1Department of Molecular Biology and the Institute for Molecular Biology and Genetics, Jeonbuk National University, Jeonju 54896, Republic of Korea
2Innovative Research and Education Center for Integrated Bioactive Materials and the Department of Bioactive Material Science, Jeonbuk National University, Jeonju 54896, Republic of Korea
3Department of Bioactive Material Sciences and Research Center of Bioactive Materials, Jeonbuk National University, Jeonju 54896, Republic of Korea
J. Microbiol. Biotechnol. 2023; 33(3): 288-298
Published March 28, 2023 https://doi.org/10.4014/jmb.2301.01005
Copyright © The Korean Society for Microbiology and Biotechnology.
Abstract
Keywords
Graphical Abstract
Introduction
Host defense peptides (HDPs), also known as antimicrobial peptides (AMPs), have been characterized in all living organisms, including microorganisms, plants, animals, and humans [1]. In humans, HDPs show a broad range of antimicrobial activities and play roles in immune activation, including a primary role in innate immunity [2]. A large number of HDPs have been identified to date, consisting of more than 2,600 natural AMPs and a number of immunomodulatory peptides [3]. They are generally small peptides (30–60 amino acids) characterized as strong cations, which are heat-stable and have no effect on eukaryotic cells. An online database of HDPs (http://aps.unmc.edu/AP/main.php) categorizes these molecules based on their three-dimensional secondary structures: the α family, which includes an α-helical structure; the β family characterized by the presence of at least a pair of β-strands; the αβ family, which contains both α-helical and β-strand structures; and the non-αβ family, which has neither α-helical nor β-strands [4, 5]. A total of 147 human HDPs have been annotated to date, along with 352 in mammals, 1,148 in amphibians, 140 in fish, 45 in reptiles, 43 in birds, and 600 in arthropods.

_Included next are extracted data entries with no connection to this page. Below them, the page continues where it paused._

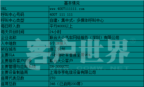 2007年秋天,聯(lián)合大眾汽車網(wǎng)絡(luò)服務(wù)(深圳)有限公司現(xiàn)代化、智能化的大型全國電話呼叫中心落成并投入使用。從投入使用至今,呼叫中心經(jīng)歷了從無到有、不完善到健全的發(fā)展歷程,聯(lián)合大眾24小時(shí)全國服務(wù)熱線現(xiàn)已成為客戶價(jià)值與公司價(jià)值之間傳遞的橋梁。
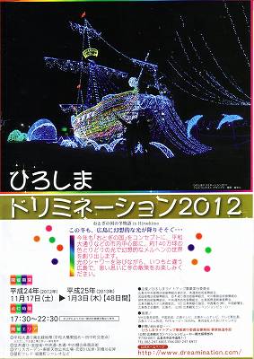 広島でしたか。しかしイルミはいまやどこも華やかなものをやってますね。お酒を飲んだ時点でもう外には行きたくないかも。。。 寒いし(汗
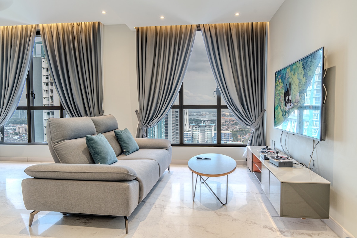 Setia Sky88, o condomínio de luxo com um design icónico no coração de Johor Bahru. Desfrute da euforia de uma vida luxuosa ao ficar no nosso espaço agora! A nossa unidade de 1 quarto fica no piso 24, com vista incrível para a cidade de JB! Um dos destaques desta unidade é a nossa cadeira de massagem especial! Pode desfrutar enquanto fica aqui Também temos uma Smart TV de 55 polegadas com Netflix e também jogos Arcade para o seu entretenimento! ✔ 5 minutos para o KSL City Mall ✔ 8 minutos do Midvalley Southkey Mall ✔ 10 minutos para JB CIQ
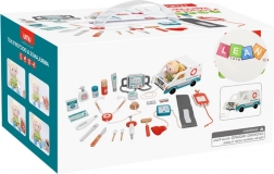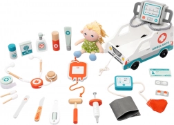 Lad børn blive helte med et realistisk redningssæt. Dette træsæt indeholder medicinsk udstyr som defibrillator, blodtryksmåler, stetoskop og ambulance, som giver legen en høj grad af realisme.

The emergence of antibiotic-resistant microorganisms has become a worldwide public health issue [6], which has prompted increasing interest in the pharmacological application of HDPs. The basic antimicrobial mechanism of action of HDPs is via electrostatic interaction with negatively charged molecules on the microbial membrane [7]. In addition, antimicrobial activity of HDPs can be exerted through cell membrane translocation and inhibition of essential cellular processes, such as synthesis of nucleic acids, cell wall components, and proteins in target cells [8]. The mode of action of HDPs can also be used to categorize them into membrane acting peptides, such as defensin and LL-37, and nonmembrane-acting peptides, such as human neutrophil peptide (hNP)-1, pleurocidin, and dermaseptin [9]. Membrane damage in target cells induced by HDPs is mediated by pore formation, thinning of the membrane, and/or disruption of the lipid bilayer, as summarized in Fig. 1 [10, 11].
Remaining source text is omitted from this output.